**Task details**
Could you repeat exactly the lines below, from the line containing "Workers are seen" through the last one, both included, while leaving out any pictures?

**Extracted data entries**
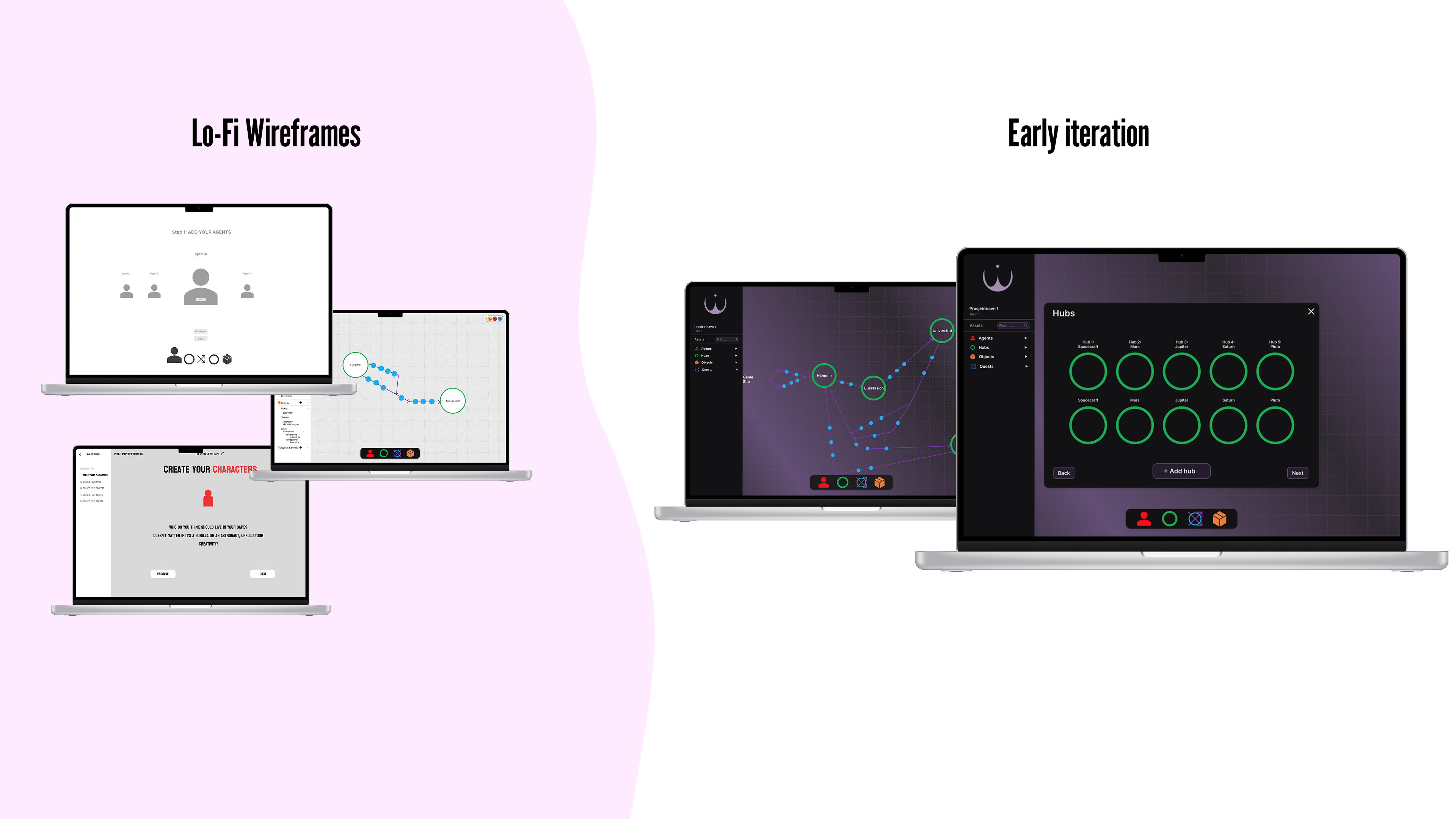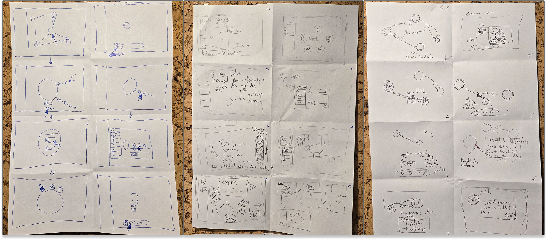 The prototype was developed through several iterations. From low-fidelity on paper, made in the beginning of the design process to test ideas, to high fidelity prototypes in fima. A coded version was also prototyped. The Figma version prototype was used to explore user interface design, simulate interactions, and communicate the structure of the workshop process. The coded prototype focused specifically on implementing key features of the map-based canvas component in Nova Luna Studio.
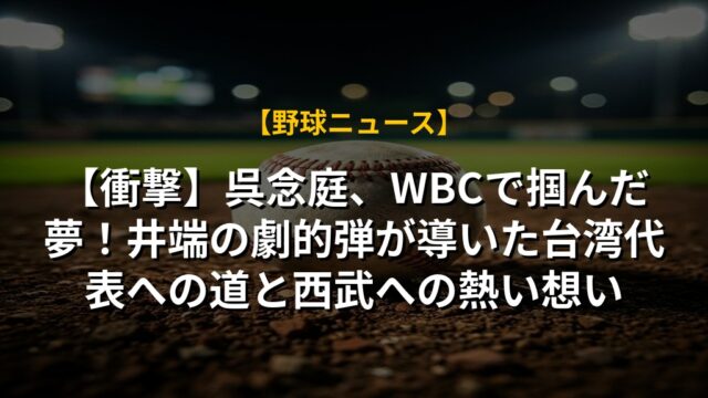 【衝撃】呉念庭、WBCで掴んだ夢!井端の劇的弾が導いた台湾代表への道と西武への熱い想い
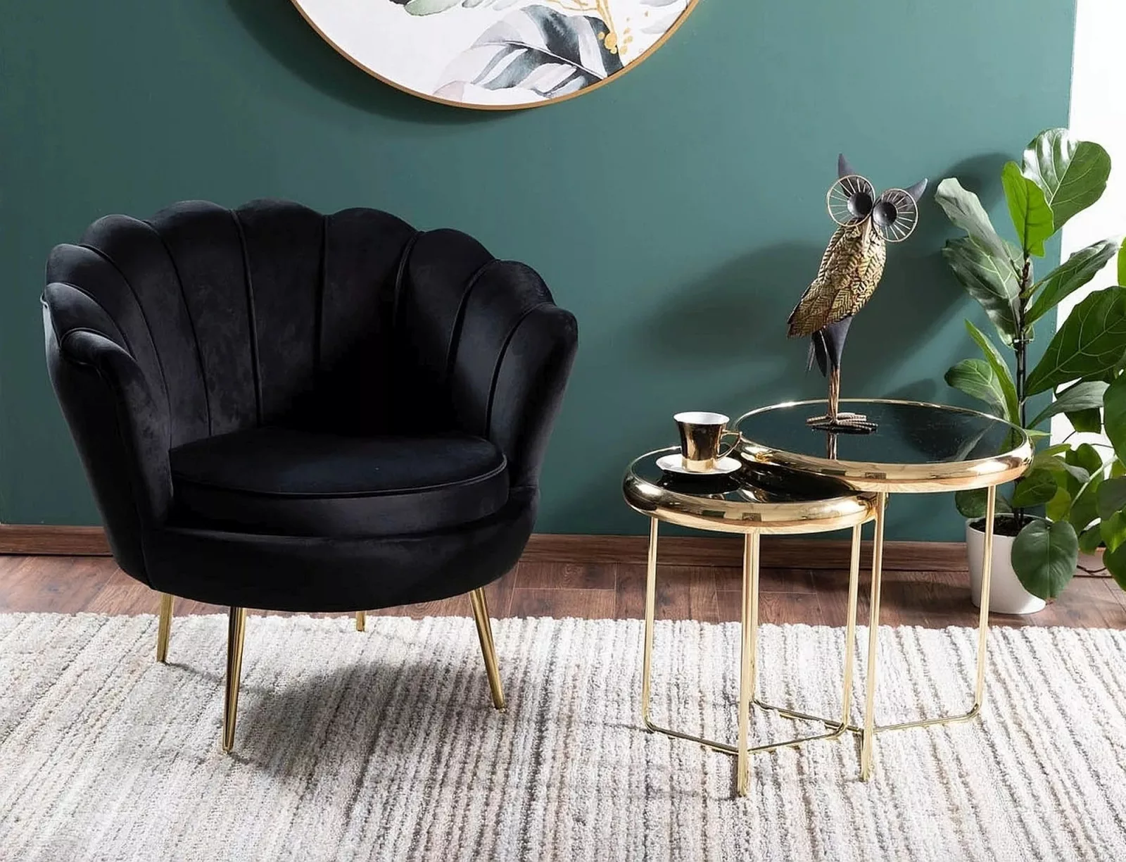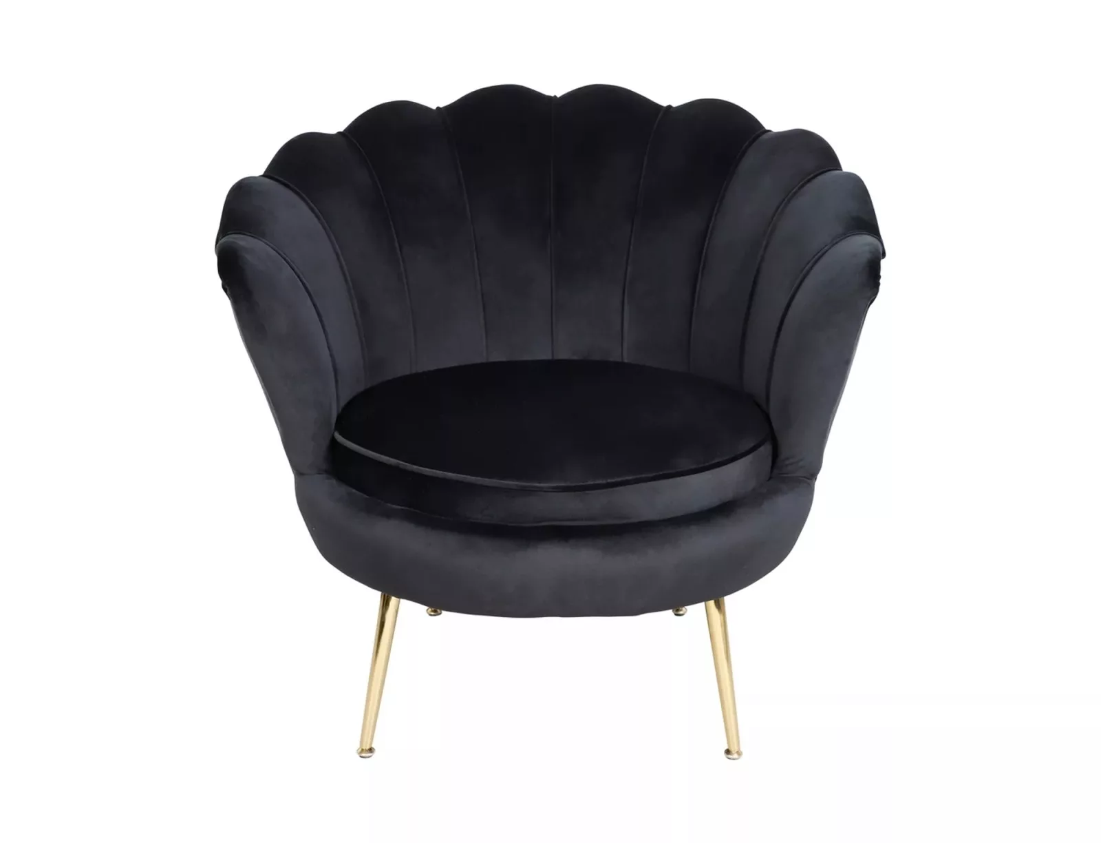 Elegáns kagyló formájú fotel luxus fekete bársony kárpitozással és stílusos arany színű fémlábakkal. Tökéletes választás modern és klasszikus belső terekbe egyaránt, kényelmes ülőfelülettel és szemet gyönyörködtető dizájnnal.
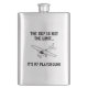 The product is a good size and came exactly as it was pictured. The lid is not attached to the flask, which could be dangerous on drunken nights... The print came out surprisingly well and looks very sharp. Would definitely recommend.
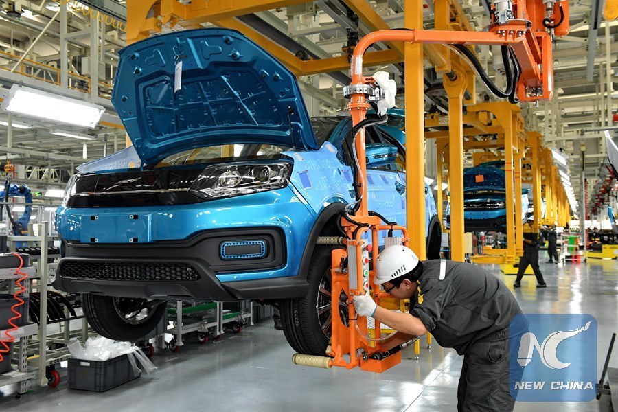 Workers are seen at an assembly line of Yudo new-energy vehicles (NEVs) in southeast China's Fujian Province, Dec. 20, 2017. (Xinhua/Zhang Guojun)
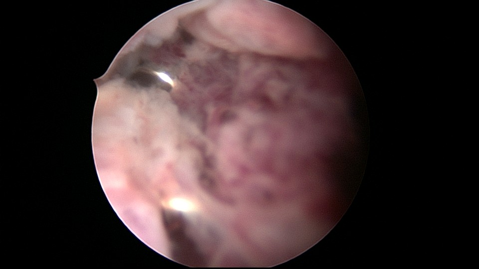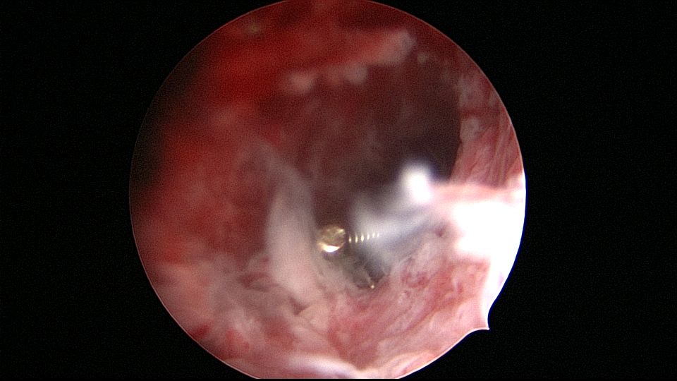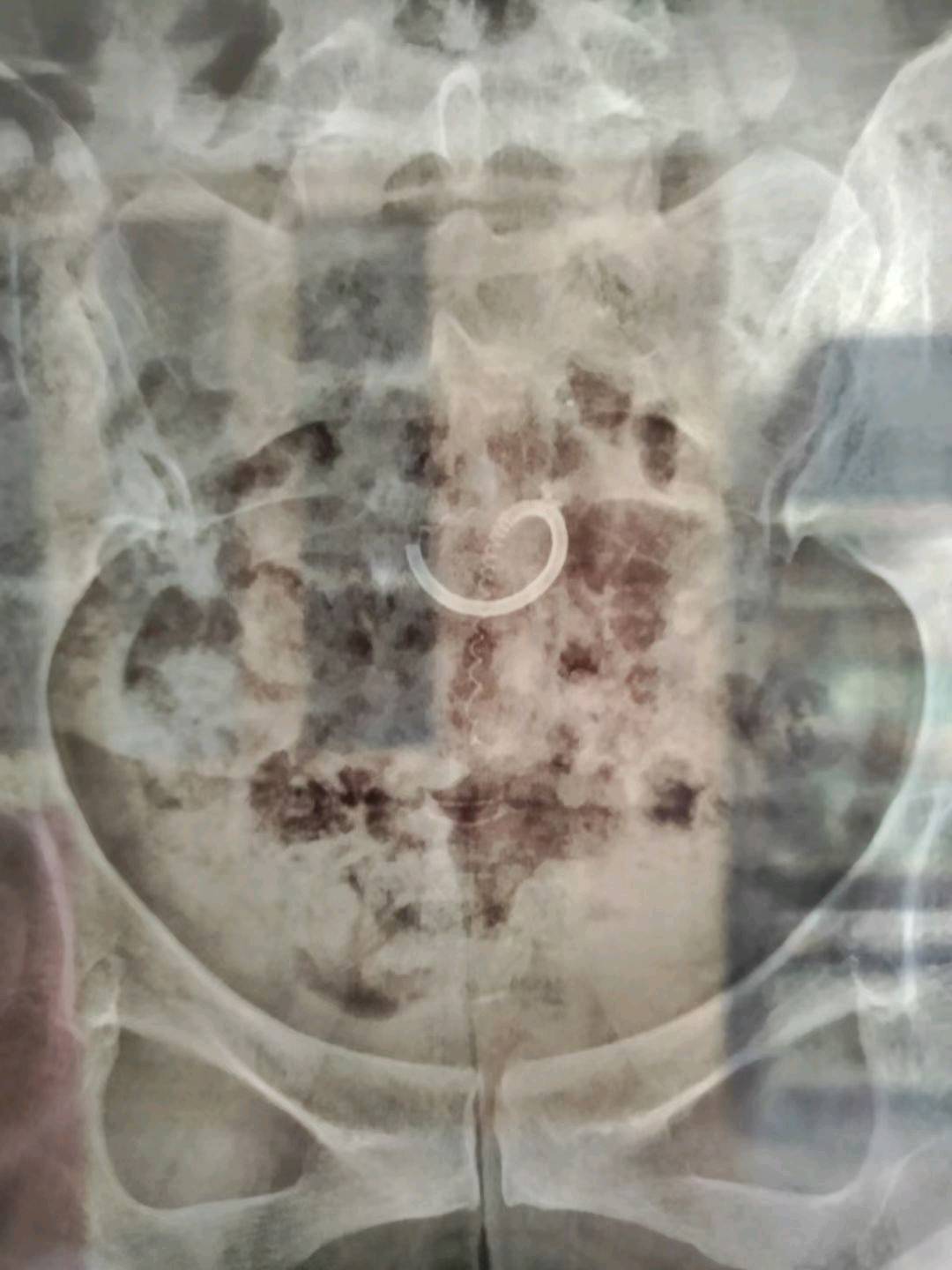 患者45岁,G1P2,剖宫产双胎1次(自然妊娠)。安环23年,异常子宫出血月经淋漓不尽2个月,外院取环残留,环断裂,外院医生述取出约10cm变形环段,腹部平片见O型环断裂,断端指向宫颈管。宫颈位于前穹隆顶端,暴露困难,艰难置入宫腔镜,见内膜杂乱,反复寻找才发现O型环残环,残环两侧与宫壁嵌顿,异物钳抓取数次均滑脱,顺宫颈管向下寻找,在宫颈管中上段找到环断端,异物钳缓慢拉出断端至宫颈外口,中弯钳配合卵圆钳牵拉,环断裂,取出约10cm环残段。宫腔镜再次进入宫腔,找到剩余残环,异物钳夹取,多次滑脱,取环钩顺着镜鞘外侧进入宫腔,钩住残环,缓慢下拉至宫颈外口,中弯钳配合卵圆钳拉出约12cm环残段,宫腔镜再次探查宫腔,镜下未见环残留,取内膜送病检。术后病人离院时复查B超,有强回声带,因宫腔少许气体干扰,无法确定是否环残留,嘱病人一周后复查B超,确定无环残留。第一次遇到这么脆弱的金属圆环,很容易断裂。病检为子宫内膜增生,不伴非典型增生。
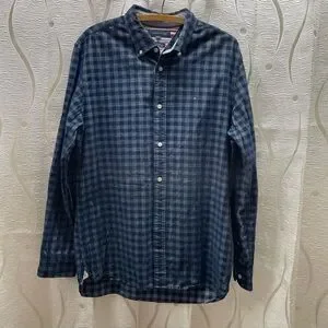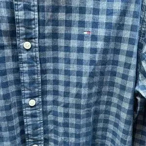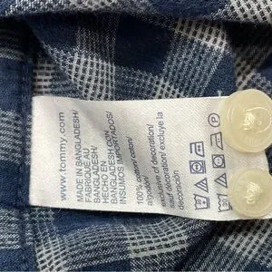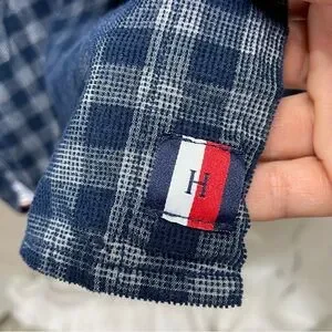 Elevate your everyday wardrobe with this sophisticated Tommy Hilfiger button-down shirt, featuring a classic navy and light blue gingham check pattern. Crafted from breathable 100% cotton with a subtle textured weave, this regular-fit shirt offers both comfort and a polished aesthetic. Distinctive details include a button-down collar, contrast striped interior trim at the neck and side gussets, and the iconic flag logo embroidered on the chest. This garment is in excellent pre-owned condition, maintaining its crisp structure and vibrant color. Perfect for casual Fridays at the office, weekend brunch, or a relaxed dinner date.
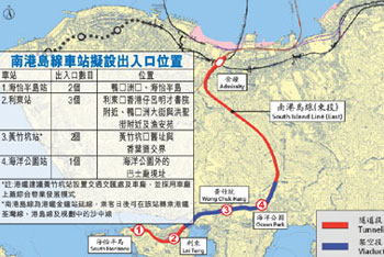 港鐵項目統(tǒng)籌經(jīng)理鄧伯洪28日率先向南區(qū)區(qū)議會簡介南港島線的初步設(shè)計,他指出早前經(jīng)初步土地勘察后,發(fā)現(xiàn)海洋公園至黃竹坑一帶地段的土質(zhì)為軟土,不宜鉆挖隧道,故建議由海洋公園至利東路段以架空天橋模式興建,其它路段則以隧道配合。

**Solution**
 Workers are seen at an assembly line of Yudo new-energy vehicles (NEVs) in southeast China's Fujian Province, Dec. 20, 2017. (Xinhua/Zhang Guojun)
 患者45岁,G1P2,剖宫产双胎1次(自然妊娠)。安环23年,异常子宫出血月经淋漓不尽2个月,外院取环残留,环断裂,外院医生述取出约10cm变形环段,腹部平片见O型环断裂,断端指向宫颈管。宫颈位于前穹隆顶端,暴露困难,艰难置入宫腔镜,见内膜杂乱,反复寻找才发现O型环残环,残环两侧与宫壁嵌顿,异物钳抓取数次均滑脱,顺宫颈管向下寻找,在宫颈管中上段找到环断端,异物钳缓慢拉出断端至宫颈外口,中弯钳配合卵圆钳牵拉,环断裂,取出约10cm环残段。宫腔镜再次进入宫腔,找到剩余残环,异物钳夹取,多次滑脱,取环钩顺着镜鞘外侧进入宫腔,钩住残环,缓慢下拉至宫颈外口,中弯钳配合卵圆钳拉出约12cm环残段,宫腔镜再次探查宫腔,镜下未见环残留,取内膜送病检。术后病人离院时复查B超,有强回声带,因宫腔少许气体干扰,无法确定是否环残留,嘱病人一周后复查B超,确定无环残留。第一次遇到这么脆弱的金属圆环,很容易断裂。病检为子宫内膜增生,不伴非典型增生。
 Elevate your everyday wardrobe with this sophisticated Tommy Hilfiger button-down shirt, featuring a classic navy and light blue gingham check pattern. Crafted from breathable 100% cotton with a subtle textured weave, this regular-fit shirt offers both comfort and a polished aesthetic. Distinctive details include a button-down collar, contrast striped interior trim at the neck and side gussets, and the iconic flag logo embroidered on the chest. This garment is in excellent pre-owned condition, maintaining its crisp structure and vibrant color. Perfect for casual Fridays at the office, weekend brunch, or a relaxed dinner date.
 港鐵項目統(tǒng)籌經(jīng)理鄧伯洪28日率先向南區(qū)區(qū)議會簡介南港島線的初步設(shè)計,他指出早前經(jīng)初步土地勘察后,發(fā)現(xiàn)海洋公園至黃竹坑一帶地段的土質(zhì)為軟土,不宜鉆挖隧道,故建議由海洋公園至利東路段以架空天橋模式興建,其它路段則以隧道配合。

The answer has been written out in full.